Experience has taught me just how desperate this situation is. Some years ago, when I was working for a mid-sized law firm none of you have heard of, I wiled away an afternoon browsing through associates’ bios. When I was done with the Boston office, I’d move on to the branches: first Worcester, then Nashua, New Hampshire. Lo and behold, the Nashua branch of this forgotten little firm contained a graduate of the majestic Harvard Law School.

How could this be? I wondered. Surely, one does not turn down the opportunities afforded by HLS and move to Nashua for quality of life reasons: its sole distinction is that it contains the greatest concentration of strip malls per square kilometer in south-central northern New England.

And then it dawned on me: among the hundreds of brilliant people accepted every year into the elite ranks of HLS, all but one are stupid relative to someone else – and one is stupider than everyone else. Someone has to be the worst of the best.

The pedagogically crucial, divinely-ordained grading curve would not have it any other way. Classmates, I humbly admit: I am this year’s sacrificial lamb.

And so, resigned, I accept my lot. Once, dreams of clerkships, judgeships, mayoralities, and principalities danced in my head. But now, Nashua branch, I prostrate myself before you. Please, please give me a job. I am on two journals, and, I swear, neither of them is Unbound. I was on my middle school track team for one semester and, well, how fast can an ambulance go?
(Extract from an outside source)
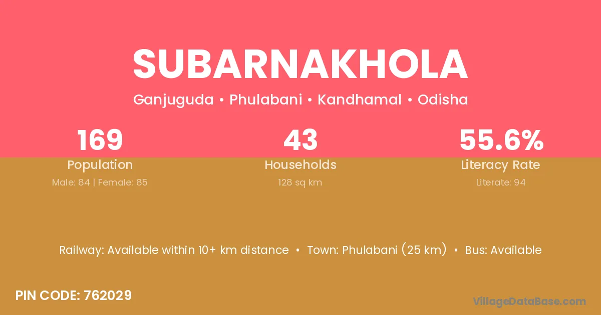 Phulabani (25 km) is the nearest town to Subarnakhola village for major economic activities and is located approximately 25 km away.

I will lower myself to any level of moral turpitude: I know you were behind the electoral fraud that cost Ron Paul 15 crucial primary votes last month, and I don’t care. Expanding gun ownership rights for ex-cons? Sounds like a heartwarming pro bono opportunity to me. Live free or die, right? No, don’t worry about me wrestling with ethical outrage: that kind of thing is for people who understand highfalutin philosophy-talk. Look at my grades! I surely don’t.

I will even return to Harvard, tail between my legs, and beg law review editors to consider your firm’s advantages over Wachtell and Cravath; you might only be able to pay associates enough to afford a Tercel, but what use is that Lamborghini or Maybach when they can’t park it anywhere near the Cartier store on Fifth Avenue during rush hour? Not even their chauffeurs or their personal shopping assistants can pull that off.

Wait, what? What do you mean you took that kid from the bottom of the class at Stanford? Something about US News? I guess I’ll have to consider my options.

I could always start over in another subject – let’s take art. There’s a great program at Ringling College (the one that trains artists, not clowns). I’d have my career in court even if it means I’m only sketching lawyers! My Legislation and Regulation notes may be nothing but a series of intricately crafted doodles, but they ought to make a strong start to my portfolio.

And if not – well, maybe the sort of law I’m looking for exists outside the airy abstractions of judges’ chambers. Maybe to truly understand the Chevron doctrine, I need to work at an actual Chevron.

If all else fails, I can always clean toilets. Aren’t lawyers basically society’s cleanup crew, anyway? Plus, I’m fairly certain the janitor’s guild doesn’t ask for transcripts. Mop and bucket in hand, I will finally be secure in a career, despite my evident slackerdom; I will sit on my Great White Throne, the Fresh Prince of laissez-faire. But before I go that far, I have a question for you Sears Prize winners: do any of you need a chauffeur? Or a personal shopping assistant?